Start of Block

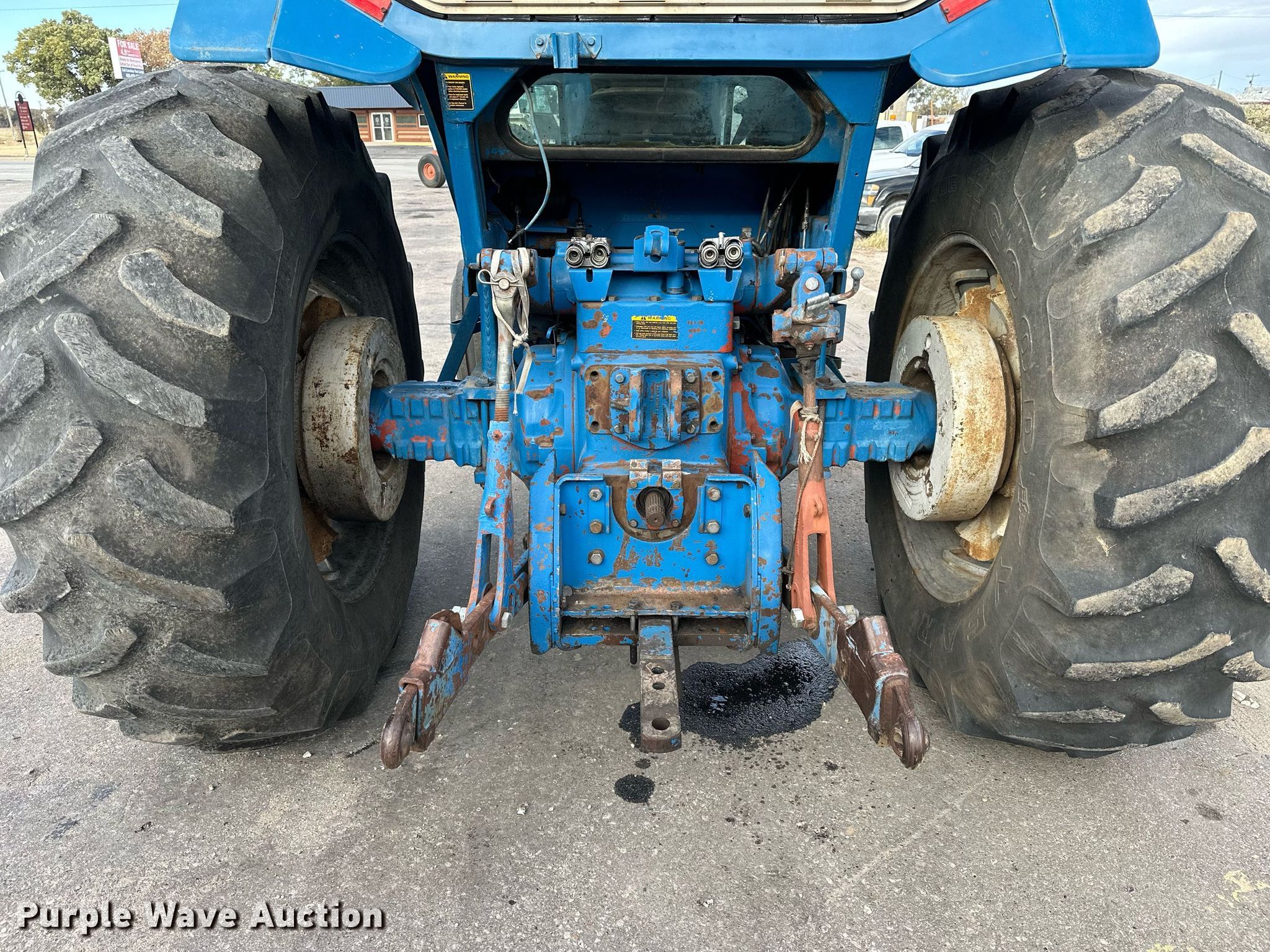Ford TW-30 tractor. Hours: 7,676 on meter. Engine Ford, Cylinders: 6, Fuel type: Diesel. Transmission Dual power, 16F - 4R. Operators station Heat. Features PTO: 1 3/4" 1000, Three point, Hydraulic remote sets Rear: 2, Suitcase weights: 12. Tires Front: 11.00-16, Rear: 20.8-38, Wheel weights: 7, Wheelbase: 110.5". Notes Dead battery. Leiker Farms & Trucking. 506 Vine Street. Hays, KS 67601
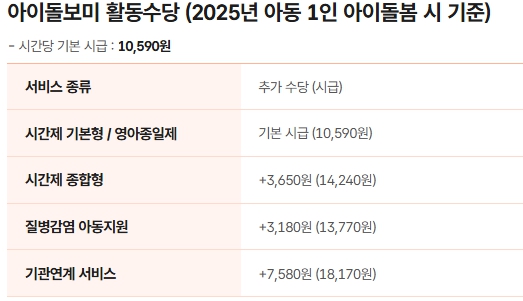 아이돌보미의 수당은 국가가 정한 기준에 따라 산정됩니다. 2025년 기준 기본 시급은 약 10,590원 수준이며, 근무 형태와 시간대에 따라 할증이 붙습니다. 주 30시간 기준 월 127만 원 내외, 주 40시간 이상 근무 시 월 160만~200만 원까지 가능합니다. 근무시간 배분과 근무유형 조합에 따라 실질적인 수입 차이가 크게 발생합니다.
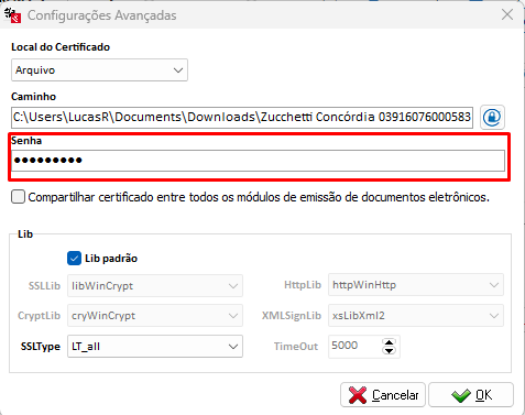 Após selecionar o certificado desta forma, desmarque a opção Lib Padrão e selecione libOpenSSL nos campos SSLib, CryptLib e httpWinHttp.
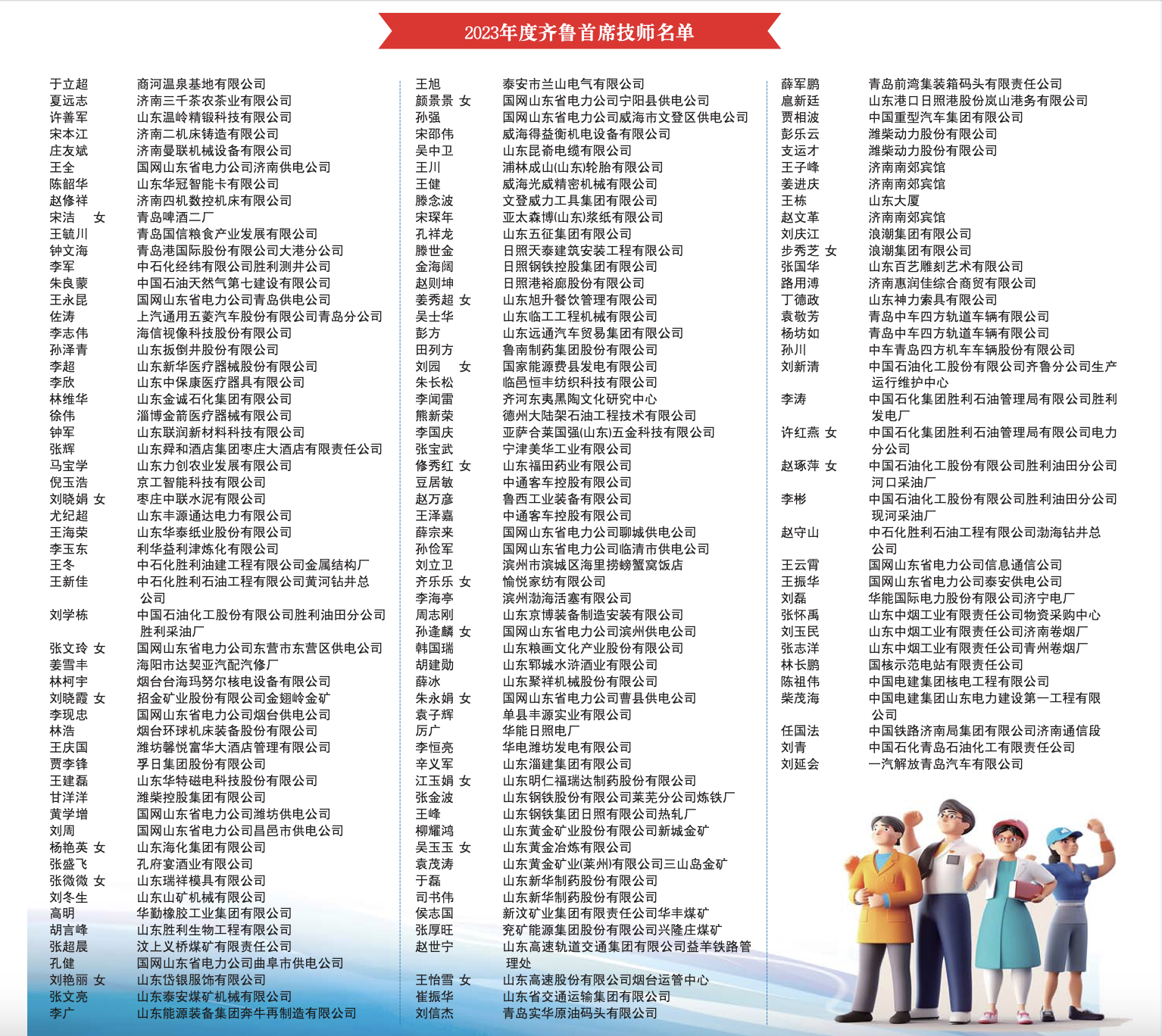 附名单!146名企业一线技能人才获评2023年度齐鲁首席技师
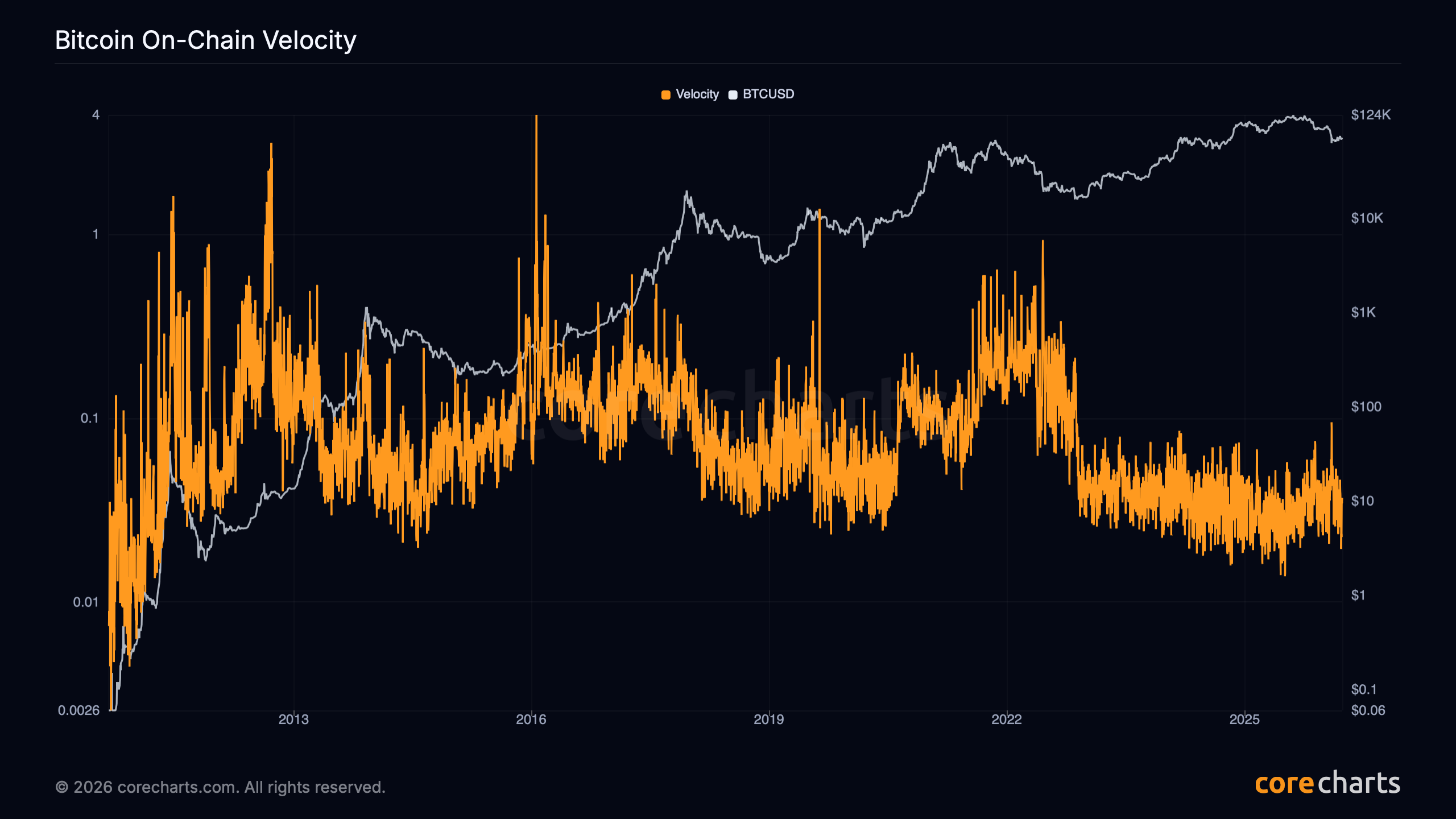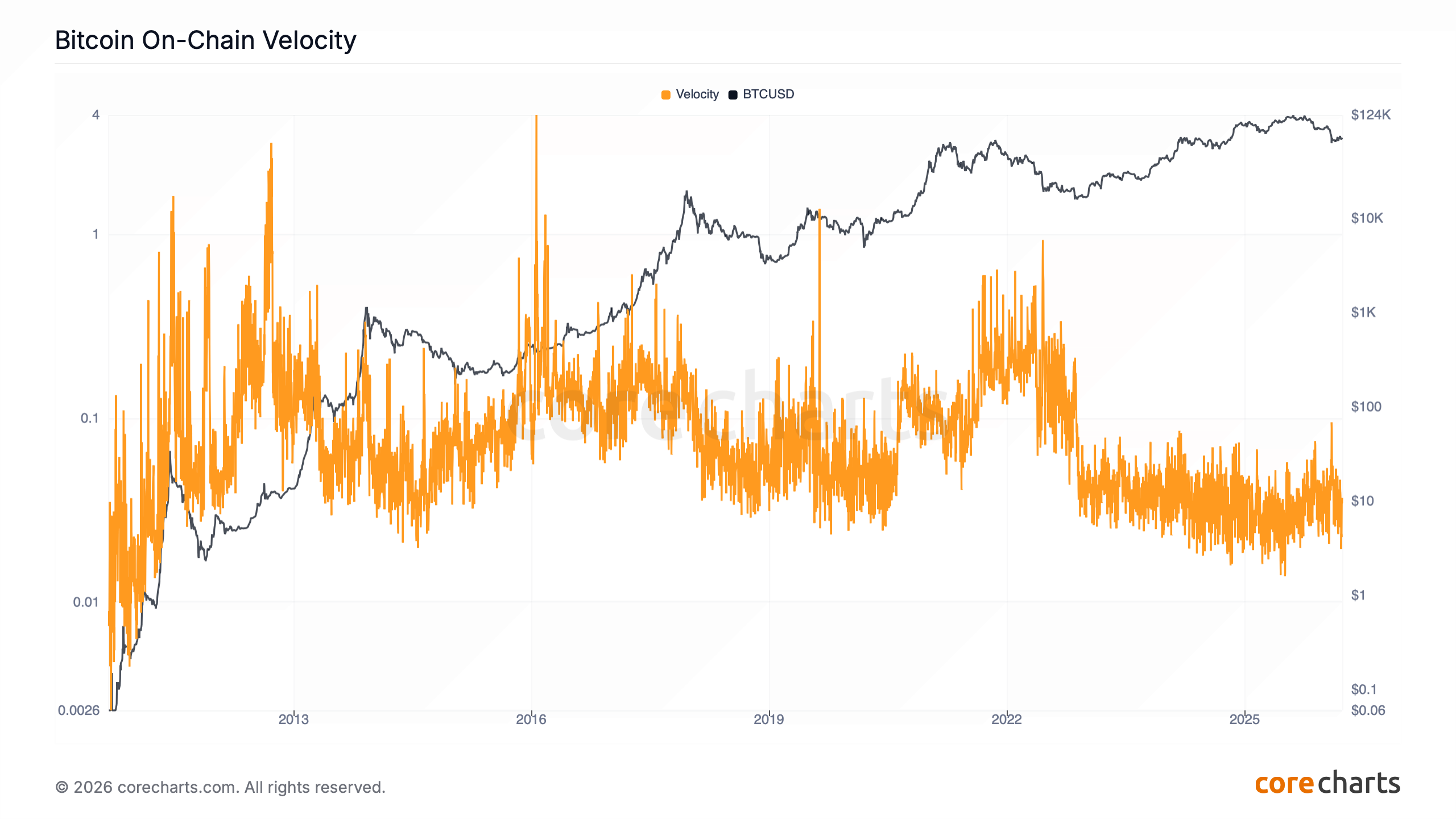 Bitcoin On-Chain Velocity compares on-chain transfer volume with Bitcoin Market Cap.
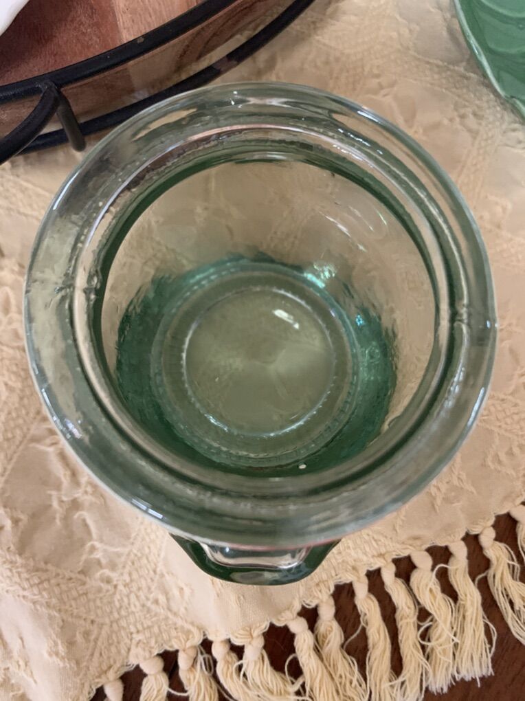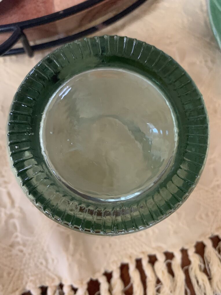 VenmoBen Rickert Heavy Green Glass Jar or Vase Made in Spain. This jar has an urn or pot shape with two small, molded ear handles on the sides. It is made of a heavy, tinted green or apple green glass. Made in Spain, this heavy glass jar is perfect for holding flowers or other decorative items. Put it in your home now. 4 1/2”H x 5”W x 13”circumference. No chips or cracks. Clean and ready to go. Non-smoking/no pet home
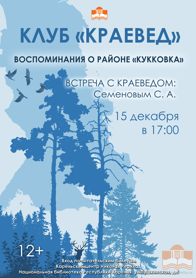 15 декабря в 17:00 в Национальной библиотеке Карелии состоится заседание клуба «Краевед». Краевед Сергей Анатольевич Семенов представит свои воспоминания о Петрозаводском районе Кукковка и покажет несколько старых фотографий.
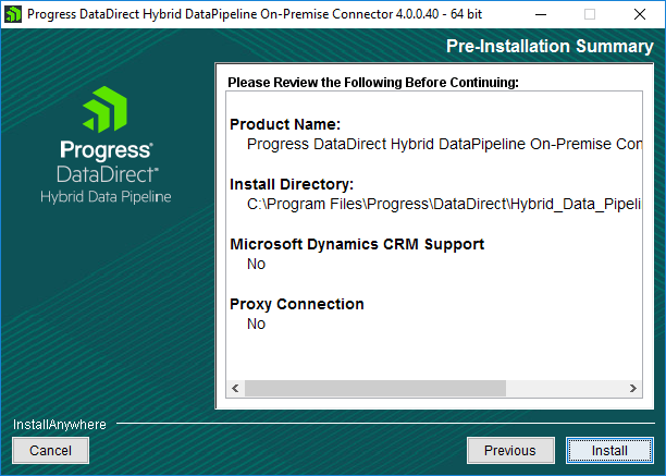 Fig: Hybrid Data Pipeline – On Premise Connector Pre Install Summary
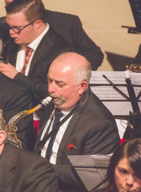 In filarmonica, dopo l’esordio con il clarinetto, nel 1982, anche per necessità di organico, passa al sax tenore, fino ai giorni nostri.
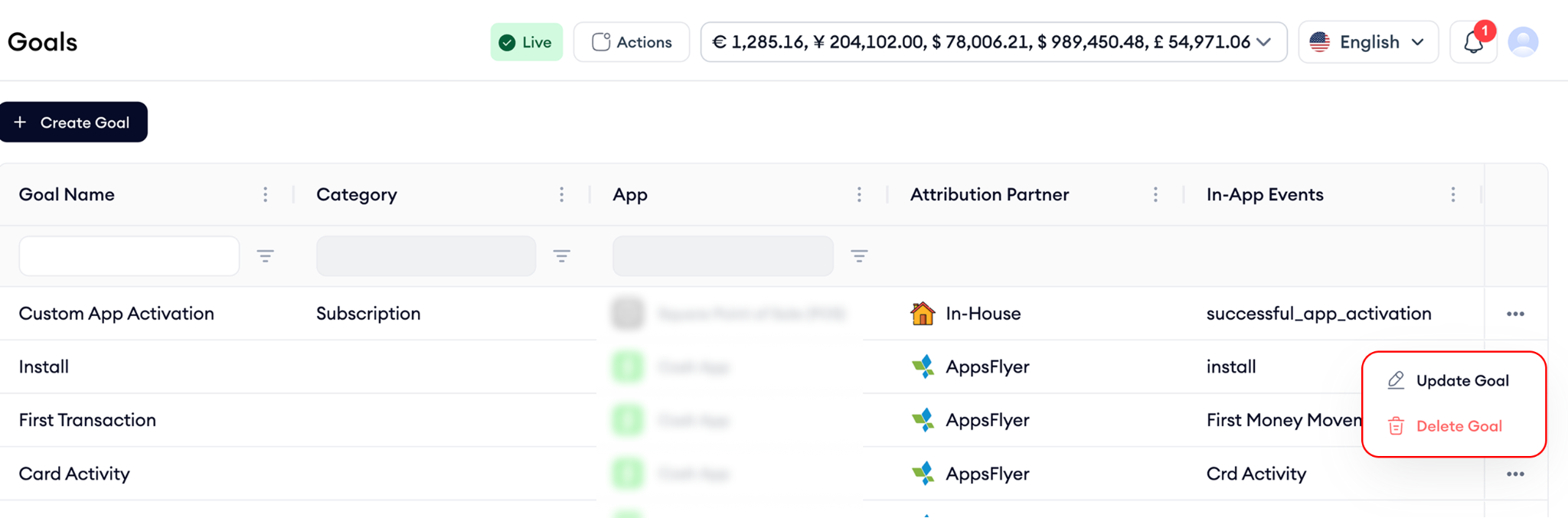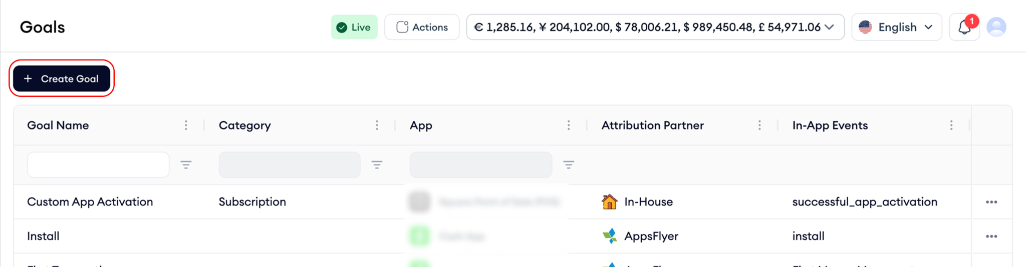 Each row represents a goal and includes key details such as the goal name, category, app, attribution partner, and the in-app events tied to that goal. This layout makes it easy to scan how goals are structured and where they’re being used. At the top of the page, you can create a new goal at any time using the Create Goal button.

End of Block

What needs to be done
For every line above, produce an exact transcription that omits the images.

Written reply
Ford TW-30 tractor. Hours: 7,676 on meter. Engine Ford, Cylinders: 6, Fuel type: Diesel. Transmission Dual power, 16F - 4R. Operators station Heat. Features PTO: 1 3/4" 1000, Three point, Hydraulic remote sets Rear: 2, Suitcase weights: 12. Tires Front: 11.00-16, Rear: 20.8-38, Wheel weights: 7, Wheelbase: 110.5". Notes Dead battery. Leiker Farms & Trucking. 506 Vine Street. Hays, KS 67601
 아이돌보미의 수당은 국가가 정한 기준에 따라 산정됩니다. 2025년 기준 기본 시급은 약 10,590원 수준이며, 근무 형태와 시간대에 따라 할증이 붙습니다. 주 30시간 기준 월 127만 원 내외, 주 40시간 이상 근무 시 월 160만~200만 원까지 가능합니다. 근무시간 배분과 근무유형 조합에 따라 실질적인 수입 차이가 크게 발생합니다.
 Após selecionar o certificado desta forma, desmarque a opção Lib Padrão e selecione libOpenSSL nos campos SSLib, CryptLib e httpWinHttp.
 附名单!146名企业一线技能人才获评2023年度齐鲁首席技师
 Bitcoin On-Chain Velocity compares on-chain transfer volume with Bitcoin Market Cap.
 VenmoBen Rickert Heavy Green Glass Jar or Vase Made in Spain. This jar has an urn or pot shape with two small, molded ear handles on the sides. It is made of a heavy, tinted green or apple green glass. Made in Spain, this heavy glass jar is perfect for holding flowers or other decorative items. Put it in your home now. 4 1/2”H x 5”W x 13”circumference. No chips or cracks. Clean and ready to go. Non-smoking/no pet home
 15 декабря в 17:00 в Национальной библиотеке Карелии состоится заседание клуба «Краевед». Краевед Сергей Анатольевич Семенов представит свои воспоминания о Петрозаводском районе Кукковка и покажет несколько старых фотографий.
 Fig: Hybrid Data Pipeline – On Premise Connector Pre Install Summary
 In filarmonica, dopo l’esordio con il clarinetto, nel 1982, anche per necessità di organico, passa al sax tenore, fino ai giorni nostri.
 Each row represents a goal and includes key details such as the goal name, category, app, attribution partner, and the in-app events tied to that goal. This layout makes it easy to scan how goals are structured and where they’re being used. At the top of the page, you can create a new goal at any time using the Create Goal button.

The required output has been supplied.